### Directions
The needed output is the run of lines below from the one containing "WÓDKA AMUNDSEN 0,7L 40%" through the one containing "- ABOUT US: Pure", copied exactly and free of pictures.

### Records for processing
##############################
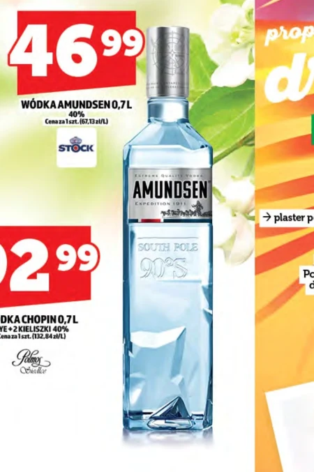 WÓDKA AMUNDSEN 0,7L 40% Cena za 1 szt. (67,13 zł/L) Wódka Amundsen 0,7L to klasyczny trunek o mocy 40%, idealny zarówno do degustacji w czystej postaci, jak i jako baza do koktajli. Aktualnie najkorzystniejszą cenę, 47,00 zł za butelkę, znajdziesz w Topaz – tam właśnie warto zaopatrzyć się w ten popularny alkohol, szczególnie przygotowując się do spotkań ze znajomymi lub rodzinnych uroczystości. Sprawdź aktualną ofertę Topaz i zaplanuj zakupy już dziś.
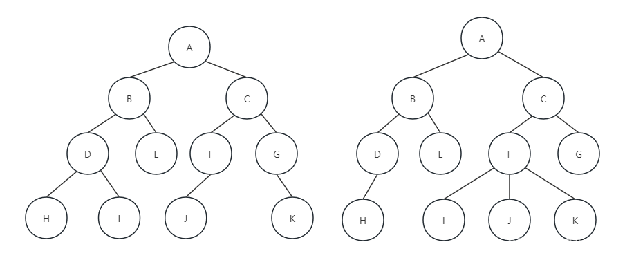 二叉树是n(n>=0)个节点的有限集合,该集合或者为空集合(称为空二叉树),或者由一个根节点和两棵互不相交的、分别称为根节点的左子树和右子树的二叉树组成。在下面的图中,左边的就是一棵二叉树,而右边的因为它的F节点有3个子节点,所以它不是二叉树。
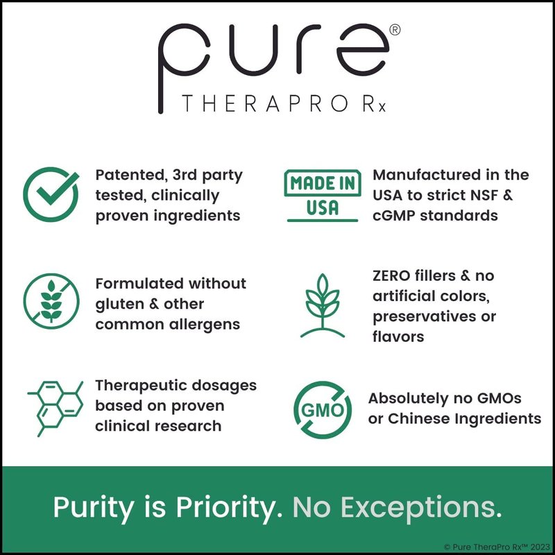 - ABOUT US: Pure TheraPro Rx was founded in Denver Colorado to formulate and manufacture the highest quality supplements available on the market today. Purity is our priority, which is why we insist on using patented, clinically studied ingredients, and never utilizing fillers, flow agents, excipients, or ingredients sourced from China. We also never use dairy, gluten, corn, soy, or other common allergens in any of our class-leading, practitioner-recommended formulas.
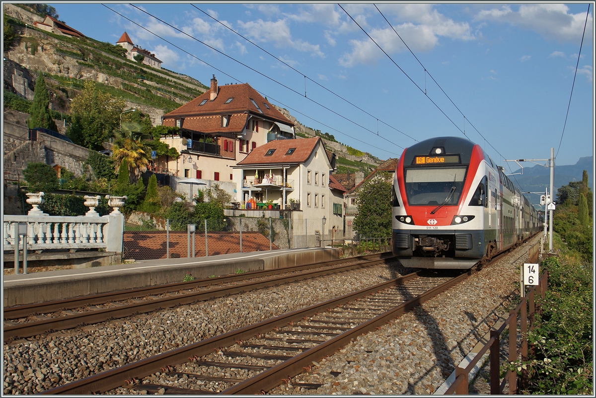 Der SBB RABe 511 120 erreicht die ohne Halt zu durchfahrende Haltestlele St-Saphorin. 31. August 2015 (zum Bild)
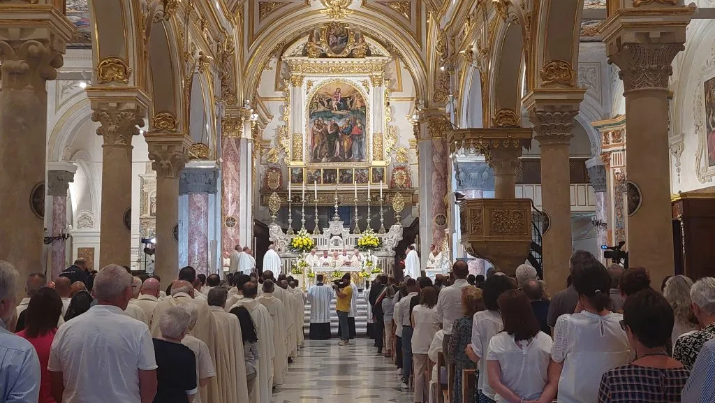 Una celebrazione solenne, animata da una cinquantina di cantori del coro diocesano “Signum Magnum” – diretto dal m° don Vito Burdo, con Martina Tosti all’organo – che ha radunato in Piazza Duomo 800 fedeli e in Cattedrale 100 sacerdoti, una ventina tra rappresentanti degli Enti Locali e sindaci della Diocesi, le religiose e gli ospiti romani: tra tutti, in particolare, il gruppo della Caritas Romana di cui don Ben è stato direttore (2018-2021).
##############################
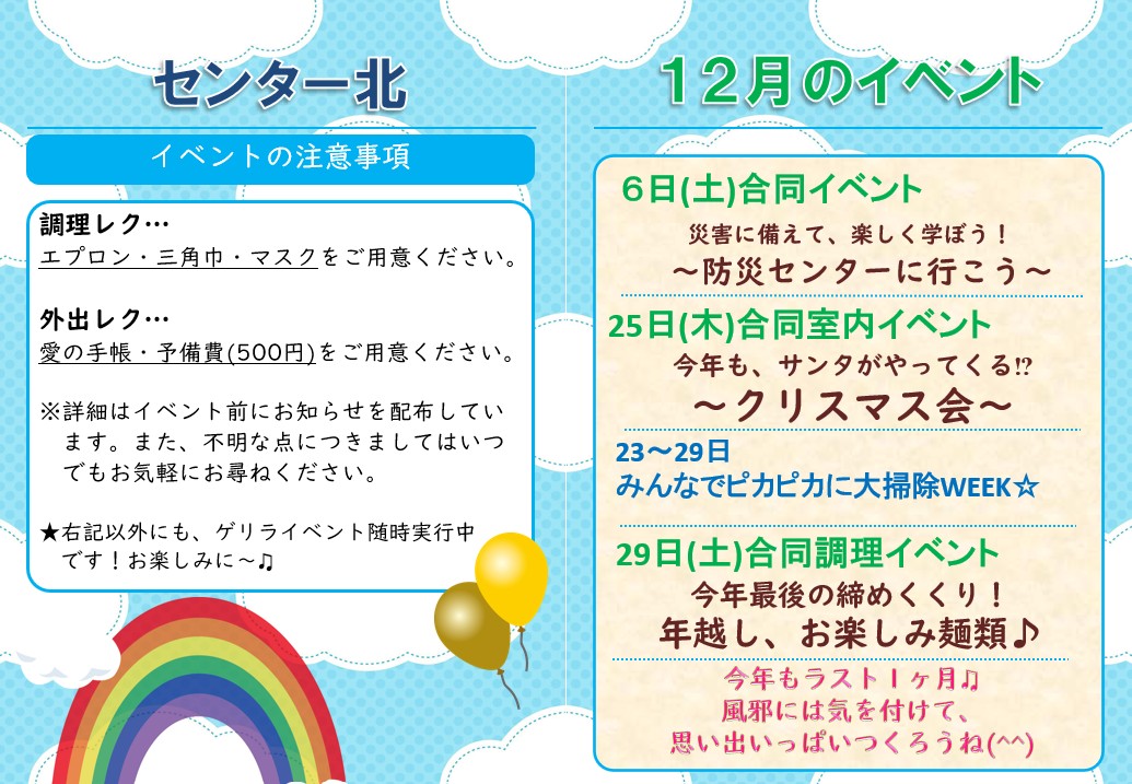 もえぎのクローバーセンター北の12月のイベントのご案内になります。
##############################
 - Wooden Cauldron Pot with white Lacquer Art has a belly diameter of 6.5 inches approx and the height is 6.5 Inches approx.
##############################
### Your response
 WÓDKA AMUNDSEN 0,7L 40% Cena za 1 szt. (67,13 zł/L) Wódka Amundsen 0,7L to klasyczny trunek o mocy 40%, idealny zarówno do degustacji w czystej postaci, jak i jako baza do koktajli. Aktualnie najkorzystniejszą cenę, 47,00 zł za butelkę, znajdziesz w Topaz – tam właśnie warto zaopatrzyć się w ten popularny alkohol, szczególnie przygotowując się do spotkań ze znajomymi lub rodzinnych uroczystości. Sprawdź aktualną ofertę Topaz i zaplanuj zakupy już dziś.
 二叉树是n(n>=0)个节点的有限集合,该集合或者为空集合(称为空二叉树),或者由一个根节点和两棵互不相交的、分别称为根节点的左子树和右子树的二叉树组成。在下面的图中,左边的就是一棵二叉树,而右边的因为它的F节点有3个子节点,所以它不是二叉树。
 - ABOUT US: Pure TheraPro Rx was founded in Denver Colorado to formulate and manufacture the highest quality supplements available on the market today. Purity is our priority, which is why we insist on using patented, clinically studied ingredients, and never utilizing fillers, flow agents, excipients, or ingredients sourced from China. We also never use dairy, gluten, corn, soy, or other common allergens in any of our class-leading, practitioner-recommended formulas.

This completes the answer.